Rabindranath_Tagore_1_

 

Frère, nul n’est éternel et rien ne dure. Frère, garde ceci dans ton cœur et réjouis-toi.

 

     D’autres que nous ont porté l’antique fardeau de la vie ; d’autres que nous ont fait le

long voyage.

     Un poète ne peut chanter toujours la même ancienne chanson.

     La fleur se fane et meurt ; mais celui qui la portait ne doit pas toujours pleurer sur

son sort.

     Frère, garde ceci dans ton cœur et réjouis-toi.

 

     Il faut un long silence pour tisser une harmonie parfaite.

     La vie s’évanouit au coucher du soleil pour s’anéantir dans les ombres dorées.

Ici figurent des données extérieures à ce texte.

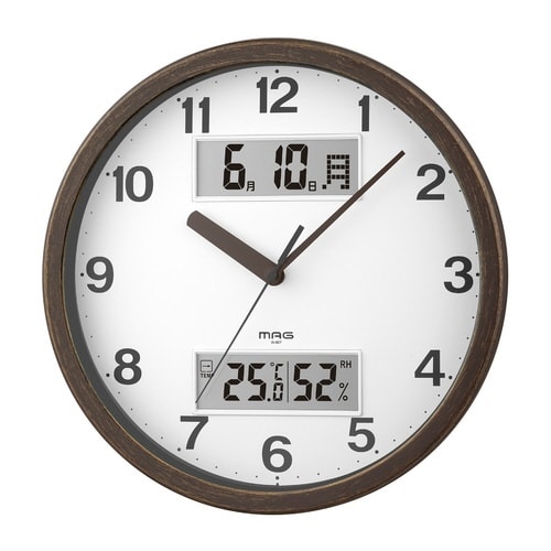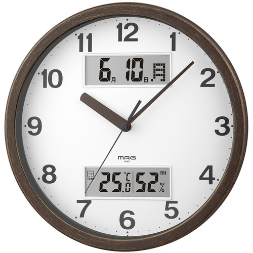 時刻、日付、温度、湿度が一目で分かります。 木目調の塗装がナチュラルな印象を与えます。 カチカチ音がしないので、寝室など静かな場所でのご使用にもおすすめです。 |

     L’amour doit quitter ses feux pour boire à la coupe de la douleur et renaître dans

le ciel des larmes.

     Frère, garde ceci dans ton cœur et réjouis-toi.

 

     Nous nous hâtons de cueillir nos fleurs de peur qu’elles ne soient saccagées par le

vent qui passe.

     Ravir un baiser, qui s’évanouirait dans l’attente, fait bouillir notre sang et briller nos

yeux.

     Notre vie est intense, nos désirs sont aiguisés car le temps sonne la cloche de la

séparation.

     Frère, garde ceci dans ton cœur et réjouis-toi.

 

     La beauté nous est douce, parce qu’elle danse au même rythme fuyant que notre vie.

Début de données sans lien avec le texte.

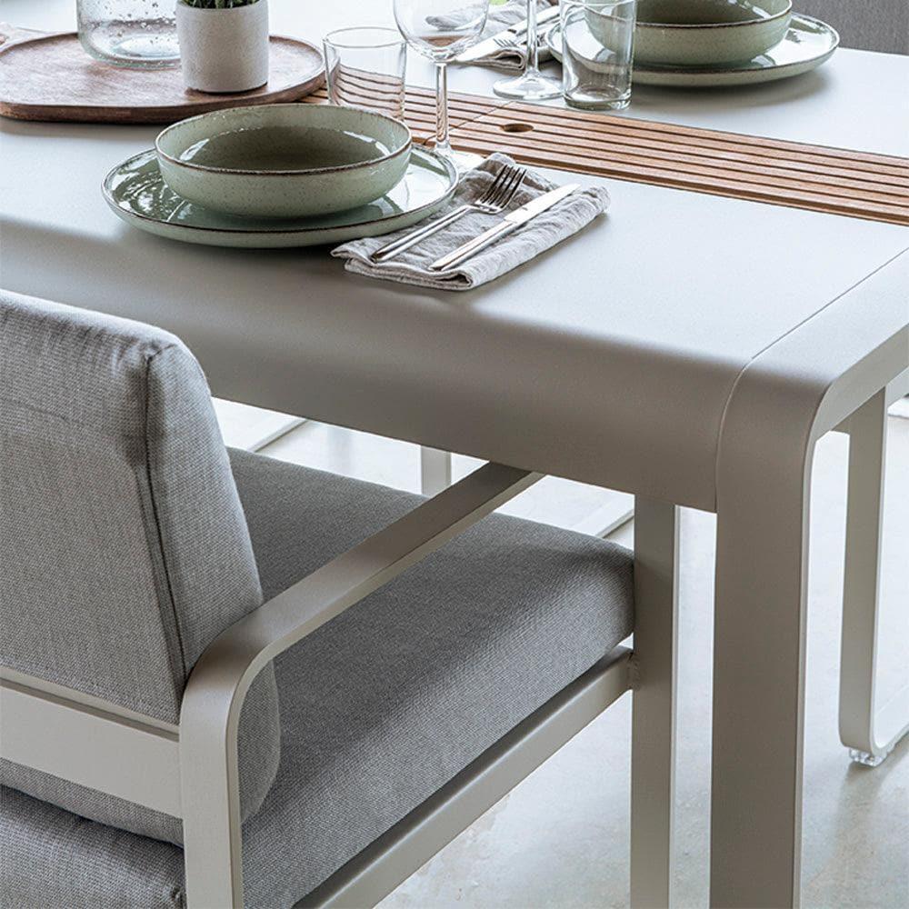 Die einzigartige Kombination aus Aluminium und Teakholz verleiht dem Tisch eine bemerkenswerte Stabilität und Leichtigkeit. Die Teak-Einlagen fungieren als stilvolle Abdeckung der Ablagefläche und können auch als dekorative Tischläufer genutzt werden. So setzen Sie Windlichter oder Blumen perfekt in Szene und schaffen eine einladende Atmosphäre, die jedes Gartenfest bereichert.

     Le savoir nous est précieux parce que jamais nous ne pourrons atteindre à la science

suprême. Tout est fait et tout est achevé dans l’Eternité.

     Mais les fleurs terrestres de l’illusion sont gardées éternellement fraîches par la mort.

     Frère, garde ceci dans ton cœur et réjouis-toi.

 

Traduit de l’anglais par Henriette Mirabaud-Thorens

In, Rabindranath Tagore : « Le Jardinier d’amour »

Editions de la Nouvelle Revue Française, 1919

Du même auteur :

« Le même fleuve de vie… » (24/11/2014)

« Malgré le soir qui s’avance … » (23/04/2017)

« Poète, le soir approche ... » (23/04/2019)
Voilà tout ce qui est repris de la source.